Grâce à leurs rituels mortuaires – dont les momies sont autant de témoignages – les Égyptiens avaient pourtant des connaissances anatomiques avancées et pratiquaient certaines chirurgies. "Les papyrus médicaux et les nombreux instruments chirurgicaux que nous avons retrouvés en attestent, confirme Caroline Tillieux, archéologue. Et peut-être ces instruments servaient-ils (aussi) à des interventions dentaires, mais ils n'ont pas été identifiés comme tels." Jusqu'il y a peu, il était admis que les Égyptiens de l'époque n'opéraient pas les dents… Or, une équipe de chercheurs belges a trouvé la preuve d'un geste chirurgical qui visait sans doute à soulager le pauvre Osirmose. 

Une dent dans la gorge

Tout commence en 2015. Dans le cadre d'une thèse de doctorat, les Musées royaux d'Arts et d'Histoire et les Cliniques universitaires Saint-Luc (CUSL) s'associent pour passer plusieurs momies humaines et animales dans un CT-scanner de l'hôpital, en dehors des heures dédiées aux patients, bien sûr. Ces examens d'imagerie en haute résolution permettent d'acquérir et de reconstituer des images en deux ou trois dimensions. Depuis, ces images sont à l'étude.

Un jour, l'équipe des chercheurs remarque une dent dans la gorge d'Osirmose. Ils s'intéressent alors à sa dentition et décident de réaliser une impression 3D de sa mâchoire grâce aux images du CT-scanner. Hors de question, en effet, de "disséquer" la momie : elle tomberait en lambeaux, littéralement ! C'est d'ailleurs la raison pour laquelle on ne les autopsie plus depuis longtemps. Grâce aux techniques modernes d'imagerie, les chercheurs peuvent désormais les examiner sous toutes les coutures et sonder leurs mystères sans même les toucher.        

Une, deux, trois traces !

Une fois imprimé, l'artefact de la mâchoire est confié en 2018 au Pr Raphaël Olszewski, chef de clinique au Service de chirurgie orale et maxillofaciale des CUSL. Premier constat : Osirmose n'avait pas de belles dents ! "Les lésions multiples montrent qu'il a souffert de plusieurs infections. La plupart de ces lésions sont de formes arrondies, ce qui est tout à fait normal puisque c'est ainsi qu'un abcès se développe." Quelle n'est donc pas la surprise du chirurgien dentaire lorsqu'il remarque une cavité de forme carrée ainsi que la trace de l'extraction d'une racine dentaire. "Celle-ci était dans le chemin pour accéder et vider l'abcès qui s'était formé dans l'os maxillaire et qui était sans doute visé par cette intervention." Le chirurgien note également la présence d'une encoche, probablement causée par un coup de rugine, un instrument qui sert à extraire les dents. "Une seule trace inhabituelle aurait pu être le fruit du hasard, mais trois sur la même mâchoire et le doute n'était plus permis : c'est la main de l'homme qui a creusé ces cavités, pas la nature !"

Une découverte inédite

Le Pr Olszewski ne prend pas tout de suite la mesure de cette découverte inédite. C'est en consultant la littérature et les archéologues qu'il découvre qu'il n'est fait nulle part mention de chirurgie orale et dentaire dans l'Égypte ancienne. 
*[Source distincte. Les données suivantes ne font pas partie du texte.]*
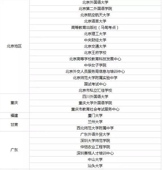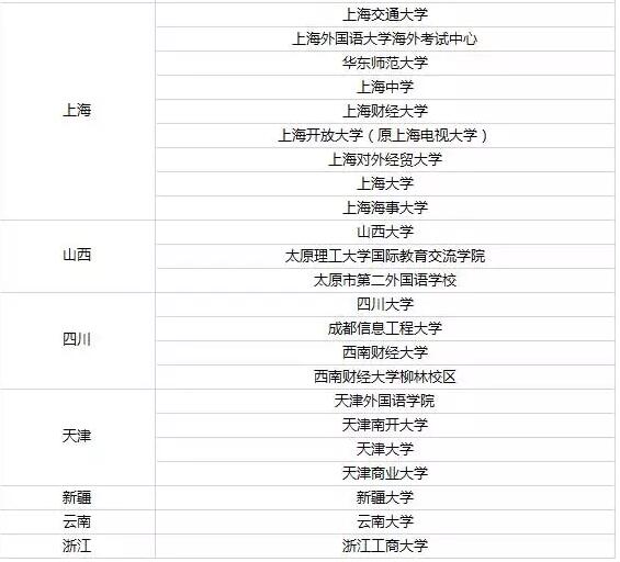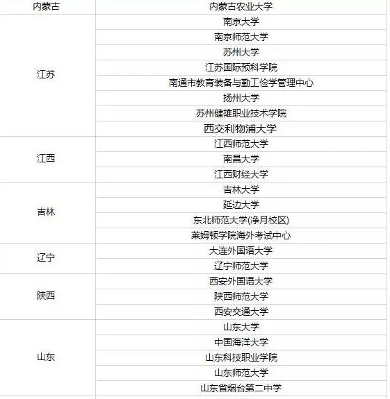 2017全国托福考试考点大全

Il est possible que d'autres momies portent des traces similaires, mais jusqu'ici, personne ne s'était penché sur la question. Les chercheurs bruxellois ont donc bel et bien mis en évidence la toute première preuve d'une chirurgie dentaire égyptienne. Une découverte rendue possible grâce à l'excellent état de conservation de la tête de cette momie, l'accès à des technologies de pointe et une équipe multidisciplinaire passionnée. Chapeau !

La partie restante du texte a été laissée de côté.